■ EXERCISE DIRECTIONS: Without reproducing any picture, copy the records word for word.

■ TASK MATERIAL:
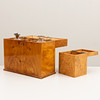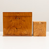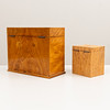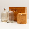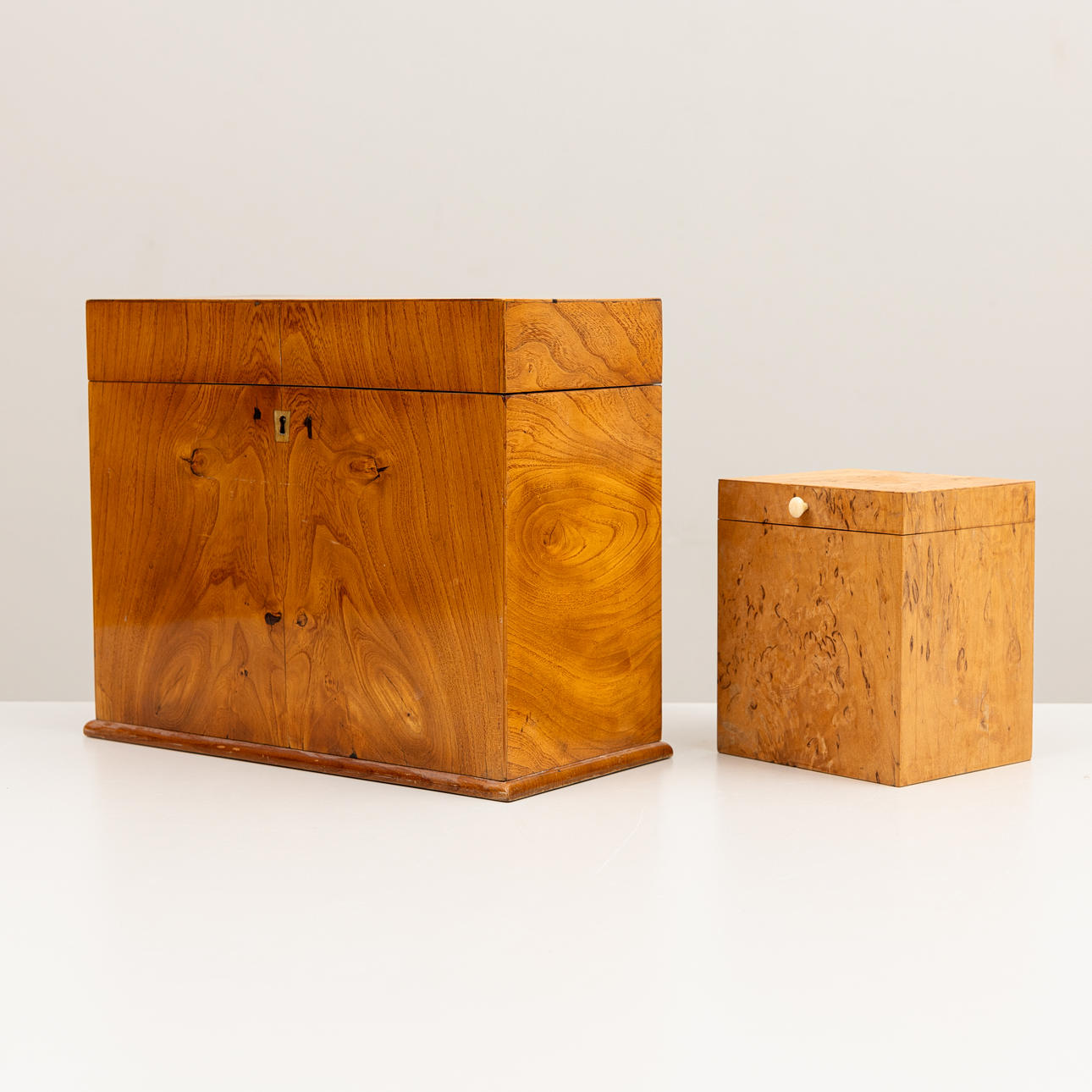 Två brännvinsflaskor medföljer. Längd 31, bredd 14, höjd 25,5, resp Längd 13,5, bredd 11, höjd 16 cm.
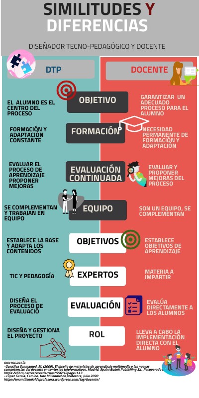 BIBLIOGRAFÍA -González Sanmamed, M. (2009). El diseño de materiales de aprendizaje multimedia y las nuevas competencias del docente en contextos teleformativos. Madrid, Spain: Bubok Publishing S.L. Recuperado de https://elibro.net/es/ereader/uoc/55614?page=143. - López García, Camino, Una Millennial de profesora, Julio 2020 https://unamillennialdeprofesora.wordpress.com/tag/docente/
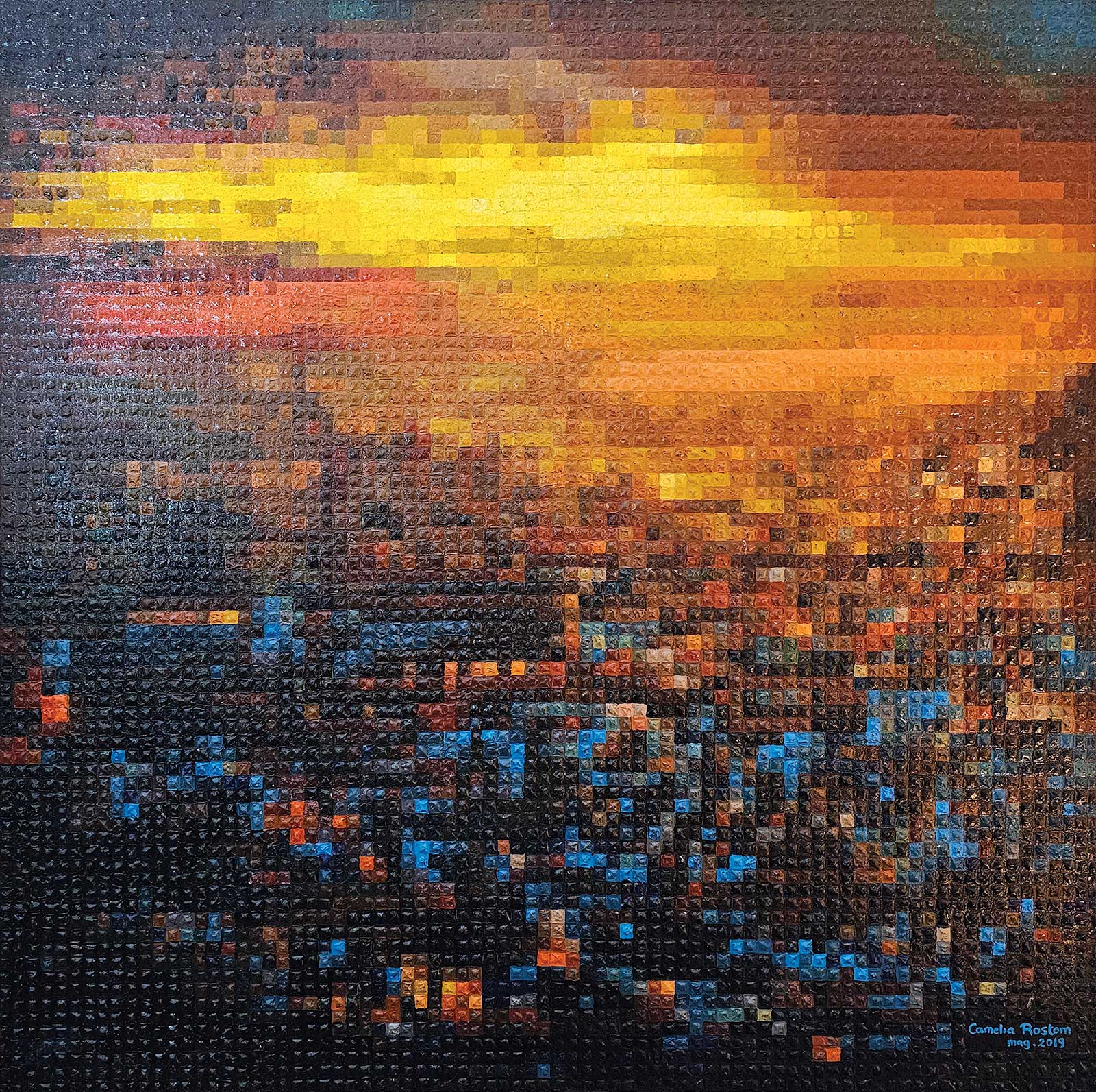 I was first inspired by the pixelated aesthetic that transforms an image into a mosaic of vibrant color blocks. The idea of creating a painting filled with countless small details immediately fascinated me. I began with a traditional flat pixel approach using acrylic paint, but the result felt too static and lacked the depth I envisioned. Wanting the colors to stand out and to make the work more personal, I enhanced each section with thicker, textured paint. This allowed every pixel to become its own expressive element, bringing the entire composition to life in a more dynamic way.
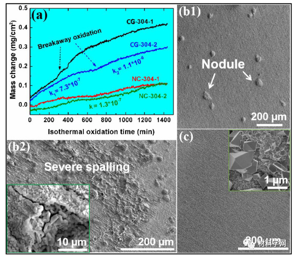 图1。(a) CG-304 和 NC-304 在 900 °C 的氧化动力学(重量增加随时间变化)。(b1) CG-304 样品氧化 840 分钟后的表面 SEM 形态,就在发生分离氧化之后。(b2) CG-304-2 和 (c) NC-304-2 氧化 1440 分钟的表面 SEM 形貌。
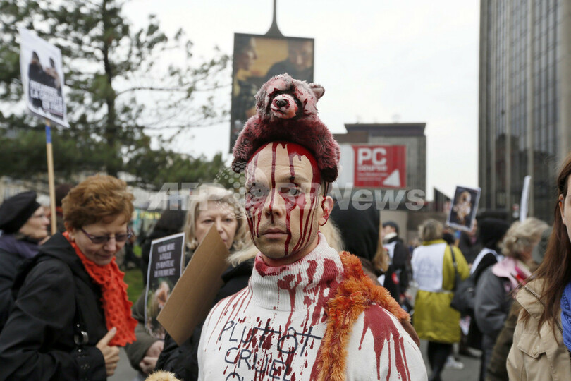 ニュース 環境・科学 毛皮に反対、仏2都市で抗議活動 2012年11月27日 13:07 発信地:パリ/フランス [ ヨーロッパ フランス ] このニュースをシェア ‹ › ❮ 9/9 ❯ フランスの首都パリ(Paris)と南部マルセイユ(Marseille)で24日、毛皮の使用に反対する抗議活動が行われた。パリでの抗議で、血のりまみれのアライグマのぬいぐるみを頭に乗せた参加者(2012年11月24日撮影)。(c)AFP/KENZO TRIBOUILLARD 画像作成中 ! 【11月27日 AFP】フランスの首都パリ(Paris)と南部マルセイユ(Marseille)で24日、毛皮の使用に反対する抗議活動が行われた。中には血のりを体に施した参加者の姿も見られた。(c)AFP 環境・科学 一覧へ> メディア・報道関係・法人の方向け 写真・動画 購入のお問合せ>
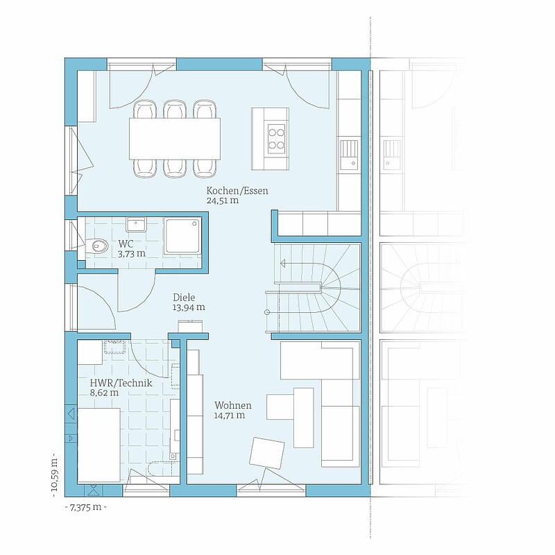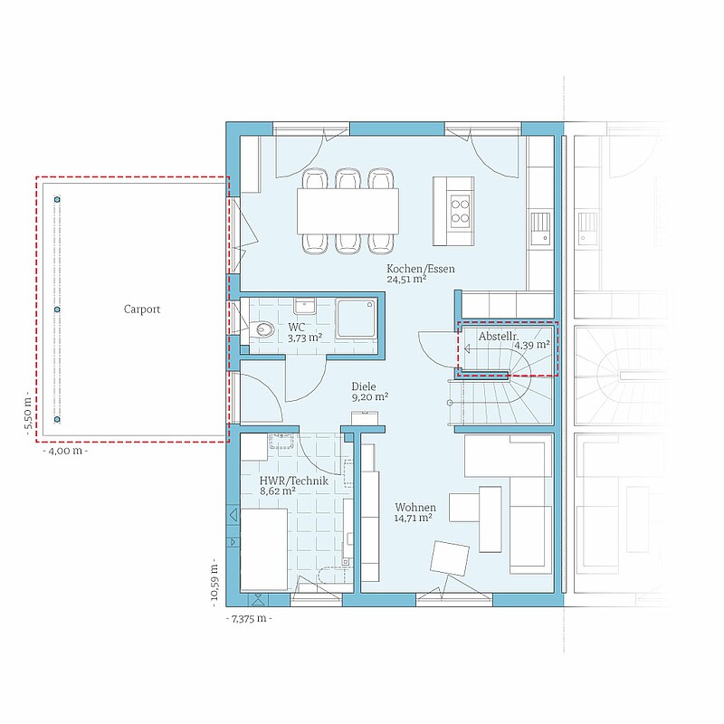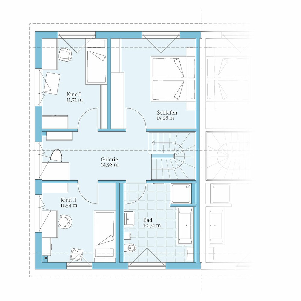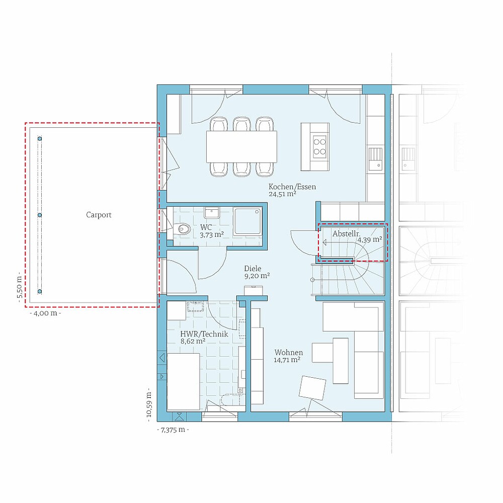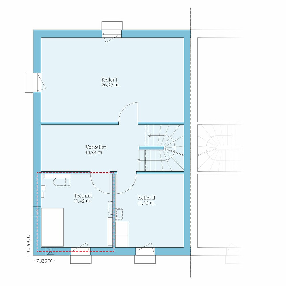 - Optionales Kellergeschoss: Hauswirtschafts- und Technikraum im Keller, dafür Arbeits- oder Gästezimmer im Erdgeschoss

■ ANSWER TO THE EXERCISE:
 Två brännvinsflaskor medföljer. Längd 31, bredd 14, höjd 25,5, resp Längd 13,5, bredd 11, höjd 16 cm.
 BIBLIOGRAFÍA -González Sanmamed, M. (2009). El diseño de materiales de aprendizaje multimedia y las nuevas competencias del docente en contextos teleformativos. Madrid, Spain: Bubok Publishing S.L. Recuperado de https://elibro.net/es/ereader/uoc/55614?page=143. - López García, Camino, Una Millennial de profesora, Julio 2020 https://unamillennialdeprofesora.wordpress.com/tag/docente/
 I was first inspired by the pixelated aesthetic that transforms an image into a mosaic of vibrant color blocks. The idea of creating a painting filled with countless small details immediately fascinated me. I began with a traditional flat pixel approach using acrylic paint, but the result felt too static and lacked the depth I envisioned. Wanting the colors to stand out and to make the work more personal, I enhanced each section with thicker, textured paint. This allowed every pixel to become its own expressive element, bringing the entire composition to life in a more dynamic way.
 图1。(a) CG-304 和 NC-304 在 900 °C 的氧化动力学(重量增加随时间变化)。(b1) CG-304 样品氧化 840 分钟后的表面 SEM 形态,就在发生分离氧化之后。(b2) CG-304-2 和 (c) NC-304-2 氧化 1440 分钟的表面 SEM 形貌。
 ニュース 環境・科学 毛皮に反対、仏2都市で抗議活動 2012年11月27日 13:07 発信地:パリ/フランス [ ヨーロッパ フランス ] このニュースをシェア ‹ › ❮ 9/9 ❯ フランスの首都パリ(Paris)と南部マルセイユ(Marseille)で24日、毛皮の使用に反対する抗議活動が行われた。パリでの抗議で、血のりまみれのアライグマのぬいぐるみを頭に乗せた参加者(2012年11月24日撮影)。(c)AFP/KENZO TRIBOUILLARD 画像作成中 ! 【11月27日 AFP】フランスの首都パリ(Paris)と南部マルセイユ(Marseille)で24日、毛皮の使用に反対する抗議活動が行われた。中には血のりを体に施した参加者の姿も見られた。(c)AFP 環境・科学 一覧へ> メディア・報道関係・法人の方向け 写真・動画 購入のお問合せ>
 - Optionales Kellergeschoss: Hauswirtschafts- und Technikraum im Keller, dafür Arbeits- oder Gästezimmer im Erdgeschoss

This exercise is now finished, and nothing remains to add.